A spokesperson for New York Gov. Kathy Hochul told RTO Insider the governor’s office did not know what the tariff would include, if it proceeded. The New York Department of Public Service said in a statement that it was “closely reviewing the situation.” 

Celeste Miller, acting director of media relations for FERC, declined to comment. 

FERC Order 904

Amanda Myott, NYISO senior market design specialist, presented an update to the ISO’s compliance filing for FERC Order 904, which prohibits transmission providers from including charges in their rates to compensate generators for reactive power that falls “within the standard power factor range by generating facilities.”   

In keeping with the order, NYISO intends to discontinue compensation to voltage support service (VSS) suppliers for reactive power within the standard range. 

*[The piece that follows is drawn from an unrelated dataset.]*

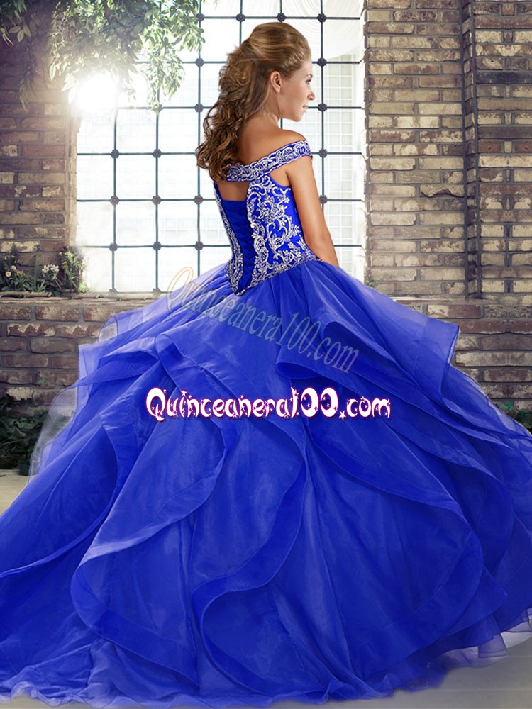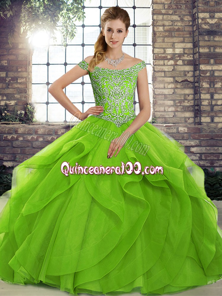 Simple Green Sweet 16 Quinceanera Dress Military Ball and Sweet 16 and Quinceanera with Beading and Ruffles Off The Shoulder Sleeveless Brush Train Lace Up

“NYISO is also proposing to continue compensation for suppliers that offer voltage support outside the standard power factor range, with compensation being based on demonstrated capability using existing VSS testing and payment procedures,” Myott said.  

The ISO also proposes to define the standard range of 0.95 leading to 0.95 lagging, which is industry standard. 

Suppliers who want to participate will be subject to the same VSS capability testing rules and procedures that exist. The penalty structure for VSS program participants will be retained. Performance failures within the standard range for suppliers who do not participate in the new program will not be subject to penalties but may be reviewed under the tariff for a market violation. 

The new VSS program will be integrated into the capacity market through an adder to account for VSS revenues for each peaking plant technology. The adder’s value will be determined formulaically based on the Rate Schedule 2 compensation structure. This will come into effect on May 1 to align with the 2026/27 capability year. 

Several stakeholders asked to be allowed to review the tariff revisions necessitated by these changes before NYISO submitted its compliance filing, which is due March 28. The ISO stated they would return to the working group if necessary for more feedback.